Julien-Marie Lehuërou

Julien-Marie Lehuërou, né le à Kernigoual et mort le à Nantes, est un historien français.

Biographie

D’une famille de propriétaires-cultivateurs riches et considérés, Lehuërou perdit sa mère à six ans et son père à neuf ans. Sa vocation s’annonça de bonne heure. Enfant, il préférait la lecture aux jeux bruyants de son âge, dévorant les livres à dix ans. Frappé de ses dispositions précoces, l’abbé Le Luyer, qui lui avait donné les premiers éléments de l’instruction primaire, avait fortement engagé la famille à les faire cultiver. En 1819, il entra en pension au collège de Tréguier, où il trompait la surveillance de ses maitres en allumant une chandelle au milieu de la nuit pour reprendre la lecture de ses livres. De Tréguier, il passa par le collège de Saint-Brieuc, et de là au collège de Rennes, pour terminer ses études, en 1825, à dix-huit ans. À la fin de ses études, il choisit l’enseignement et entra à l’École préparatoire, à la section des lettres.

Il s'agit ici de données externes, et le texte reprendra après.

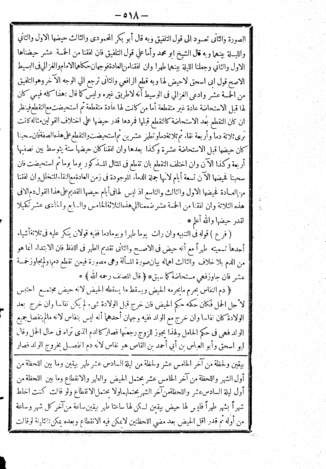 [بيقين ولحظة من آخر الخامس عشر ولحظة من ليلة السادس عشر طهر بيقين وما بين اللحظة من أول الشهر واللحظة من آخر الخامس عشر يحتمل الحيض والطهر والانقطاع وما بين اللحظة من أول ليلة السادس عشر واللحظة من آخر الشهر يحتملهما ولا يحتمل الانقطاع ولو قالت كنت اخلط شهرا بشهر طهرا فليس لها حيض بيقين لكن لها ساعتا طهر بيقين ساعة من آخر كل شهر وساعة من أوله ثم قدر اقل الحيض بعد مضي اللحظتين لا يمكن فيه الانقطاع وبعده يمكن: الثانية لو قالت]

À l’École préparatoire (promotion 1826)[1], sa vocation pour l’histoire fut éveillée par Michelet[Note 1], qui venait d’y entrer comme professeur. Ayant passé l’agrégation des lettres en 1828, il reçut le même titre pour l’histoire et la géographie, en 1835. D’abord attaché au collège Bourbon (classe élémentaire), il fut ensuite appelé à l’enseignement de l’histoire au collège Saint-Louis (1830).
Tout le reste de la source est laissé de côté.